Примчавшись в бывший кабинет Кривцова, Че попросил Марго и Мейера достать из сейфа главные улики — три конверта с записками: с иероглифами «след Дракона», подброшенный в управление; найденный в почтовом ящике Дублина с требованием передать документы Треста Д. Е.; полученный Надеждой от неких «красных партизан». Он разложил их на столе и стал поочерёдно нюхать.

— Ну, что разнюхал? — улыбнулся Мейер. — Говори, зачем разбудил?

Марго, бодрая от бессонницы, предвкушая развязку, смотрела на Че как зачарованная, видя, как покрупнел душой майор, как рассудок его мечет искры, как сердце разжимается, выпуская затаённую боль, как покоряется ему жизнь и выдаёт всех своих демонов.

— Бумага хорошо впитывает запахи, — патетически возвестил майор.

— Это что-то из википедии? — снова улыбнулся Мейер.

— Понюхайте сами, — протянул партнёрам по конверту Че. — Чем пахнет?

Партнёры понюхали.

— Ничем, — констатировал тунгус.

— Чем-то непонятным, — сказала Острогорская. — Бумагой?

— Все три конверта, все записки пахнут одинаково. Слабо, но определённо пахнут, — убеждённо махнул собачьей головой Евгений Михайлович. — Пахнут… как будто бараньей шкурой… овчиной, что ли, какой-то… чем-то таким…

— Ну и…

— Два года назад я заходил в один дом. Пригласили посоветоваться насчёт установки сигнализации и камер наружного наблюдения. Со мной беседовали в гостиной. Так вот — я сидел на диване, а диван и кресла, и ещё другой диван были в такой особенной, мохнатой такой обивке, вроде овчины и довольно пахучей. Консультации я дал, но так как сам монтажом не занимаюсь, так с тех пор в том доме никогда и не был. А свитер у меня ещё три недели этой мебелью пах, так пропитался. Вот так же точно пах, как эти письма. А дом этот был — Эльвиры Эльдаровны Сироповой; она меня пригласила, она со мной в той гостиной разговаривала. И управляющий её при ней был, Анатолий.

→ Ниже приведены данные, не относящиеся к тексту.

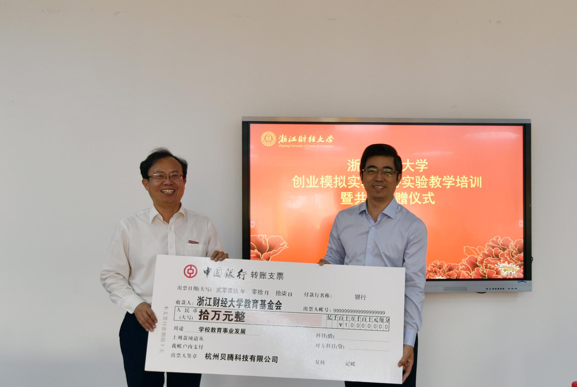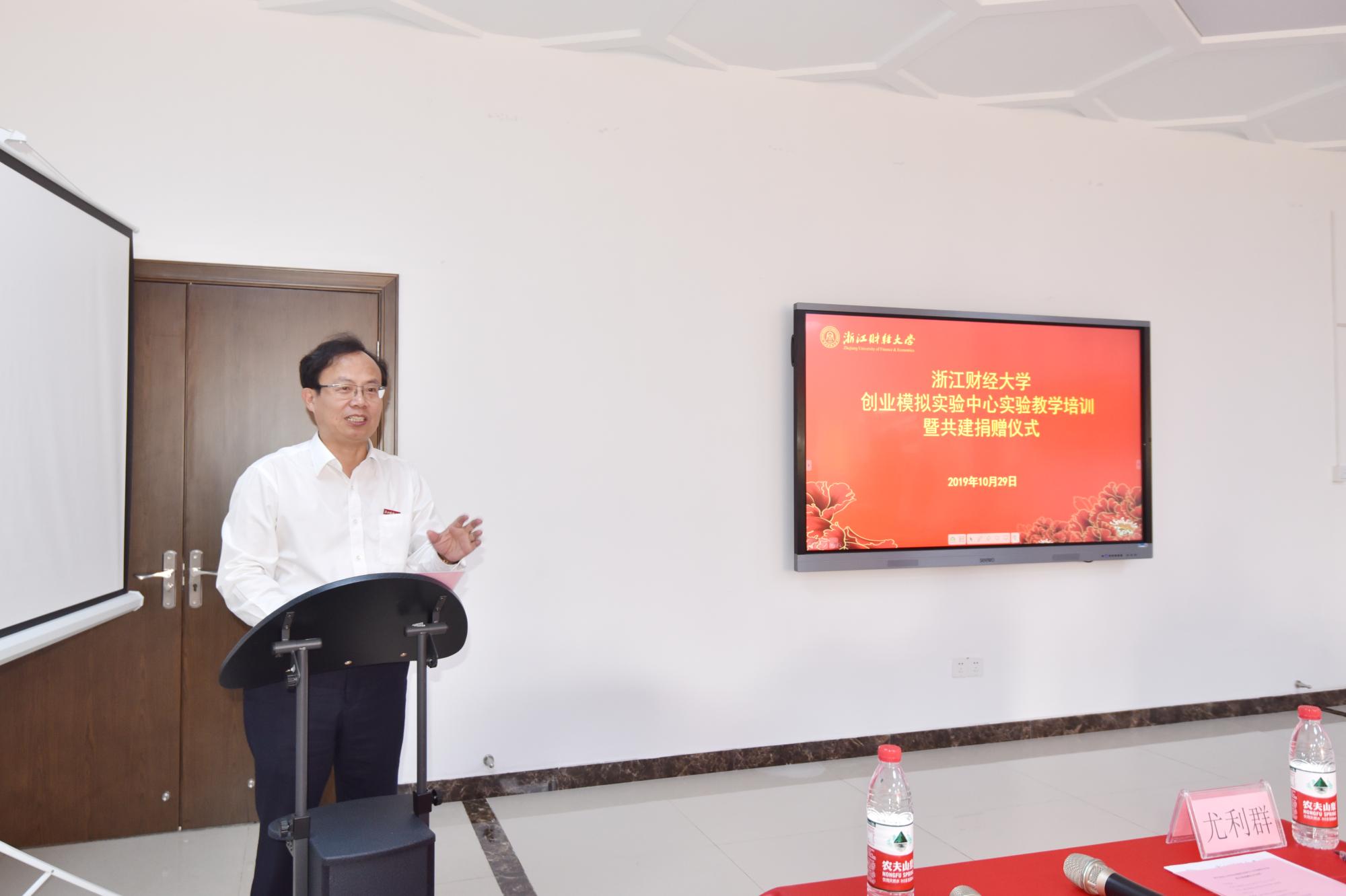 2019年10月29日下午,浙江财经大学创业学院举办的创业模拟实验中心实验教学培训暨共建捐赠仪式在创业学院207实验室会举行。浙江财经大学党委副书记黄建新、杭州贝腾科技有限公司董事长黄林、上海创狐软件科技有限公司总经理朱营、浙江财经大学创业学院院长尤利群、副院长吴诗启、沈鑫泉以及各学院学生代表参加了本次教学培训暨捐赠仪式。

— Бинго! — хлопнула в ладоши Маргарита.

— По машинам, — скомандовал тунгус. — Дежурный! — жал он кнопку пульта. — Группу захвата в Червонцево! К дому Сироповых!

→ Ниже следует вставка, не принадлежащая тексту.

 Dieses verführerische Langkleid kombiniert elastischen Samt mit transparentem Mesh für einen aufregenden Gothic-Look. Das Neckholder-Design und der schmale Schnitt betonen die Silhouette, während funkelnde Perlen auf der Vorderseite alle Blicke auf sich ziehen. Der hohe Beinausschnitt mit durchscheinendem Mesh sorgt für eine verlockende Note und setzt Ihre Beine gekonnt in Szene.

Маргарита году на тринадцатом жизни прочитала чуть не все знаменитые детективные романы, известные со времён Э. А. По. Весь год читала запоем, обчиталась так, что никогда уж больше в такого рода сочиненья даже не заглядывала. Большинство детективов были весьма толстоваты, сотнями страниц нагромождая назойливые подробности, не только ничего, впрочем, не прояснявшие, а напротив, напускавшие целую тьму тумана и лишь круче закручивавшие и пуще запутывавшие сюжет. И вот вдруг, когда уже становилось от этих туманов и запутывания несколько скучно, автор выводил вперёд какого-нибудь странноватого умника, который до этого на предыдущих четырёхстах страницах только бестолково и многозначительно рассуждал, а тут, словно очнувшись и прозрев без какой-либо особенной причины, в секунду и до обидного легко разрешал всё дело, хватал, как мальчишку, за ухо свирепого и хитроумного преступника и передавал его благодарным туповатым полицейским. И преступник, о котором все думали, что он хладнокровен и жесток, сейчас, как по заказу, как будто и сам заскучал от всей этой беллетристики, становился вдруг слюнтяй и размазня, распускал нюни, во всём признавался и просился в тюрьму. Автор буквально наспех дописывал книгу, из последних сил нетерпеливо и торопливо подгоняя финал. Фразы становились короче, площе и плоше, текст как-то на глазах мельчал и обрывался. Второстепенным персонажам уделялось по два-три слова на всю их оставшуюся жизнь. Некоторые и из первостепенных сгребались на обочину, третьестепенные же без церемоний предавались забвению, как если бы их никогда не было в книге. И на всю эту неаккуратную расправу отводилось полторы страницы.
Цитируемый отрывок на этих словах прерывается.